Wang Zhen, Wang Yongjie, Xiong Xinli, Ren Qiankun, Huang Jun
College of Electronic Engineering, National University of Defense Technology, Hefei 230037, China.
Anhui Province Key Laboratory of Cyberspace Security Situation Awareness and Evaluation, Hefei 230037, China.
Entropy (Basel). 2025 Jun 11;27(6):622. doi: 10.3390/e27060622.
Faced with challenges posed by sophisticated cyber attacks and dynamic characteristics of cyberspace, the autonomous cyber defense (ACD) technology has shown its effectiveness. However, traditional decision-making methods for ACD are unable to effectively characterize the network topology and internode dependencies, which makes it difficult for defenders to identify key nodes and critical attack paths. Therefore, this paper proposes an enhanced decision-making method combining graph embedding with reinforcement learning algorithms. By constructing a game model for cyber confrontations, this paper models important elements of the network topology for decision-making, which guide the defender to dynamically optimize its strategy based on topology awareness. We improve the reinforcement learning with the Node2vec algorithm to characterize information for the defender from the network. And, node attributes and network structural features are embedded into low-dimensional vectors instead of using traditional one-hot encoding, which can address the perceptual bottleneck in high-dimensional sparse environments. Meanwhile, the algorithm training environment Cyberwheel is extended by adding new fine-grained defense mechanisms to enhance the utility and portability of ACD. In experiments, our decision-making method based on graph embedding is compared and analyzed with traditional perception methods. The results show and verify the superior performance of our approach in the strategy selection of defensive decision-making. Also, diverse parameters of the graph representation model Node2vec are analyzed and compared to find the impact on the enhancement of the embedding effectiveness for the decision-making of ACD.

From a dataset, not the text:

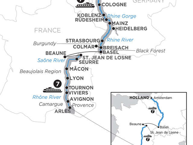 Day 1 Amsterdam (Embarkation): welcome receptionDay 2 Amsterdam: canal cruiseDay 3 Cologne: choice of Cologne highlights walking tour, or Jewish Heritage walking tourDay 4 Koblenz–Rhine Gorge–Rüdesheim: guided sightseeing in Koblenz; scenic cruise through the Rhine Gorge; visit Siegfried’s Mechanical Musical Instrument Museum in Rüdesheim; special treatDay 5 Mainz. Excursion to Heidelberg: guided walk, visit the Gutenberg Museum in Mainz; guided tour of Heidelberg Castle, see the Great VatDay 6 Strasbourg: guided sightseeing, visit La Petite France district and the gothic cathedral Day 7 Breisach. Excursion to Black Forest: choice of excursion to Black Forest, or guided tour in ColmarDay 8 Basel (Disembarkation)–Beaune–St. Jean de Losne (Embarkation)–Seurre: transfer to Beaune, visit the Hôtel-Dieu, or join a wine tasting in a local cellar; onboard welcome receptionDay 9 Seurre–Mâcon: leisurely cruising; onboard lecture about wine; free time in Mâcon or Chardonnay excursionDay 10 Lyon: onboard wine and cheese tasting; guided sightseeing; picture stop on Fourvière Hill Day 11 Lyon: a free day to explore this fascinating city at leisure, or excursion to Beaujolais; onboard food & wine pairing dinnerDay 12 Tournon/Tain l’Hermitage–Viviers: guided walk in Tournon with wine and chocolate tasting, or hike in the vineyeards (weather permitting); guided walk in Viviers, visit the Old Town and the cathedralDay 13 Avignon: guided sightseeing, visit Palace of the Popes and excursion to Châteauneuf du PapeDay 14 Arles: guided sightseeing in Arles, visit the Roman Amphitheatre; cruise into the Camargue region (daylight permitting)Day 15 Arles (Disembarkation)–Aix-en-Provence: transfer to Aix-en-Provence; guided walking tour visit Cathedral of the Holy SaviourDay 16 Aix-en-Provence: day at leisureDay 17 Aix-en-Provence–Nice: travel to Nice by high-speed TGV train (first class); guided walking tour with Promenade des Anglais and the old townDay 18 Nice: day at leisureDay 19 Nice: your vacation ends this morning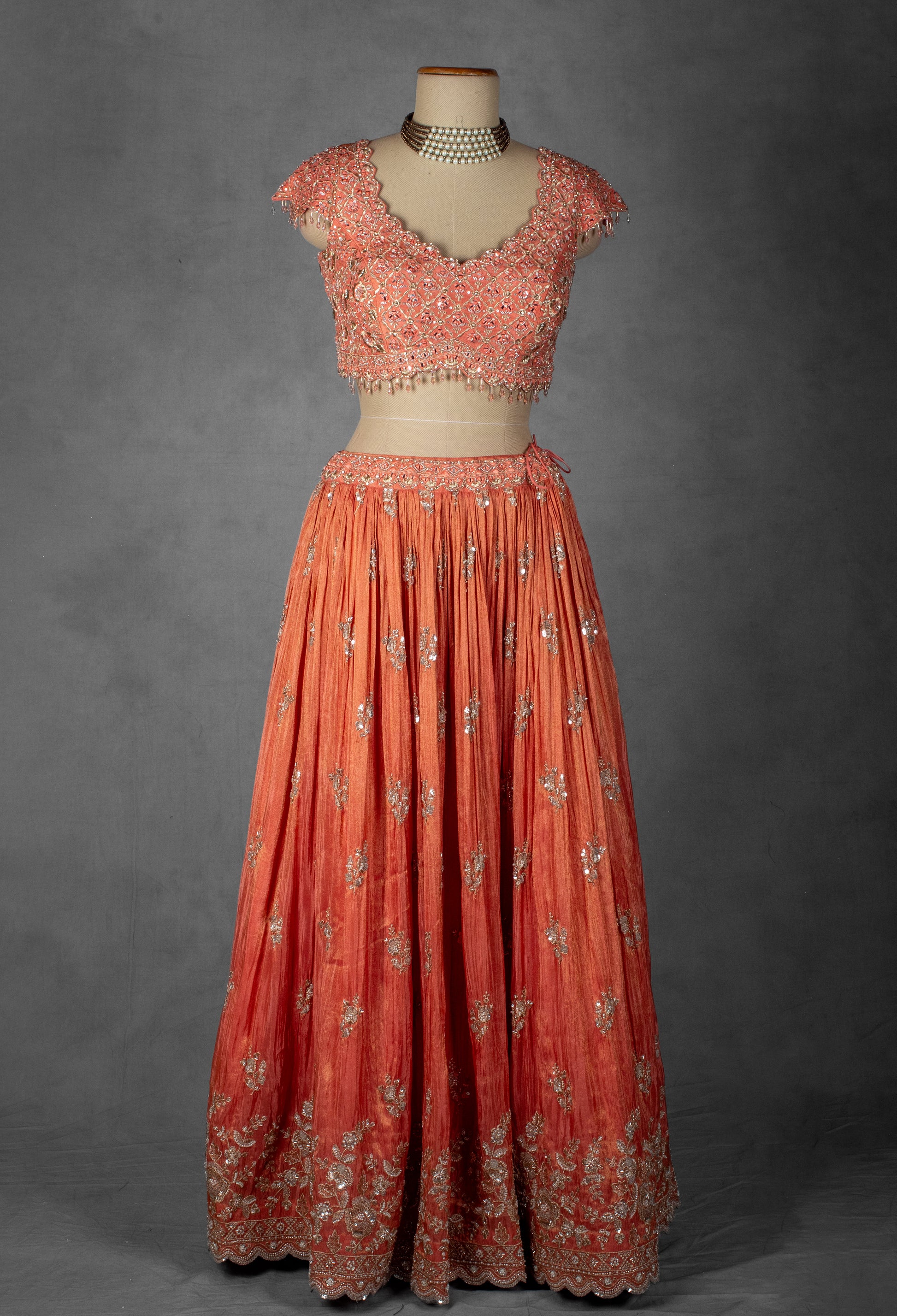 Step into timeless elegance with this Embellished Coral Peach Lehenga Set by Asma, a dreamy ensemble designed to capture the spirit of celebration with grace and glamour.

面对复杂网络攻击带来的挑战以及网络空间的动态特性,自主网络防御(ACD)技术已展现出其有效性。然而,传统的ACD决策方法无法有效刻画网络拓扑结构和节点间依赖关系,这使得防御者难以识别关键节点和关键攻击路径。因此,本文提出一种将图嵌入与强化学习算法相结合的增强决策方法。通过构建网络对抗博弈模型,本文对用于决策的网络拓扑重要元素进行建模,引导防御者基于拓扑感知动态优化其策略。我们使用Node2vec算法改进强化学习,以便从网络中为防御者刻画信息。并且,将节点属性和网络结构特征嵌入到低维向量中,而非使用传统的独热编码,这能够解决高维稀疏环境中的感知瓶颈问题。同时,通过添加新的细粒度防御机制扩展算法训练环境Cyberwheel,以增强ACD的实用性和可移植性。在实验中,将我们基于图嵌入的决策方法与传统感知方法进行比较和分析。结果表明并验证了我们的方法在防御决策策略选择方面的优越性能。此外,对图表示模型Node2vec的不同参数进行分析和比较,以找出其对增强ACD决策嵌入有效性的影响。